Problem description:
Retype the listing exactly; omit pictures.

Collected material:
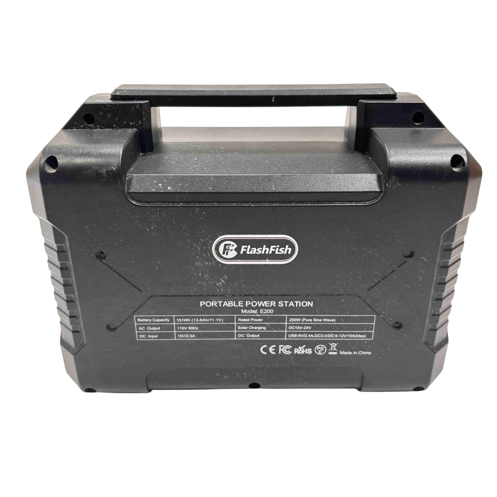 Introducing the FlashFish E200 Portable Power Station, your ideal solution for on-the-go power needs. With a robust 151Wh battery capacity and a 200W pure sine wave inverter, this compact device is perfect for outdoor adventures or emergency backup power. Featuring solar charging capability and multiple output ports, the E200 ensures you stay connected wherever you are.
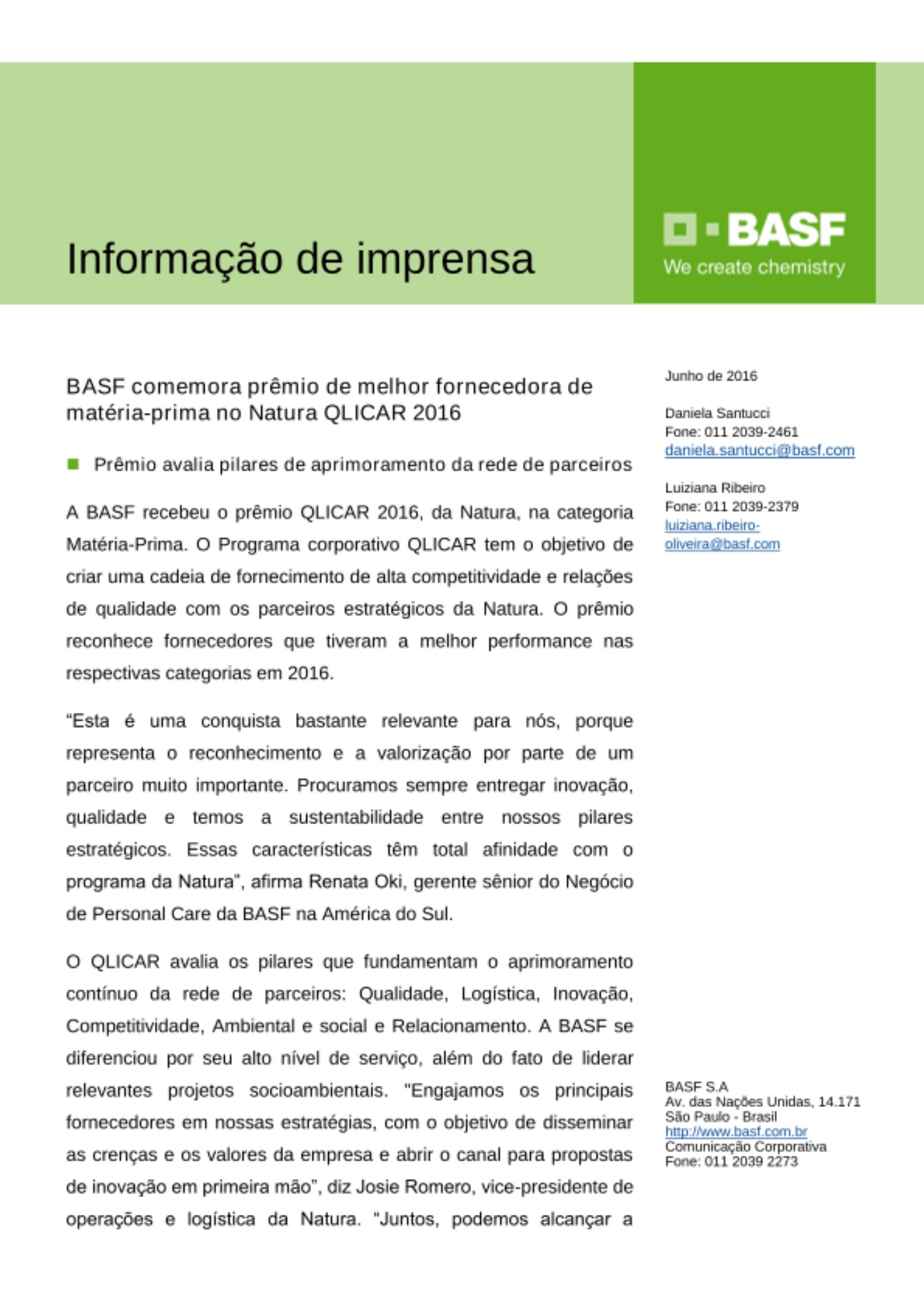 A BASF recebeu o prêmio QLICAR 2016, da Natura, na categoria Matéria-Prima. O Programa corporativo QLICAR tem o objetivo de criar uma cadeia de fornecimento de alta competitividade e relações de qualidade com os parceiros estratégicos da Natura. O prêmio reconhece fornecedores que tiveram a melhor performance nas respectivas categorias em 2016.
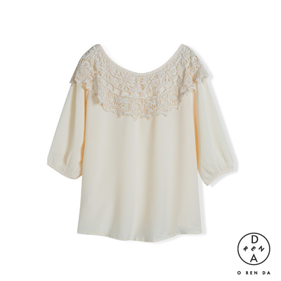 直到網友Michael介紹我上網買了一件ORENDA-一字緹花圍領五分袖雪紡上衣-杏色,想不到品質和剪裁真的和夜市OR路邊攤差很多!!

Task result:
 Introducing the FlashFish E200 Portable Power Station, your ideal solution for on-the-go power needs. With a robust 151Wh battery capacity and a 200W pure sine wave inverter, this compact device is perfect for outdoor adventures or emergency backup power. Featuring solar charging capability and multiple output ports, the E200 ensures you stay connected wherever you are.
 A BASF recebeu o prêmio QLICAR 2016, da Natura, na categoria Matéria-Prima. O Programa corporativo QLICAR tem o objetivo de criar uma cadeia de fornecimento de alta competitividade e relações de qualidade com os parceiros estratégicos da Natura. O prêmio reconhece fornecedores que tiveram a melhor performance nas respectivas categorias em 2016.
 直到網友Michael介紹我上網買了一件ORENDA-一字緹花圍領五分袖雪紡上衣-杏色,想不到品質和剪裁真的和夜市OR路邊攤差很多!!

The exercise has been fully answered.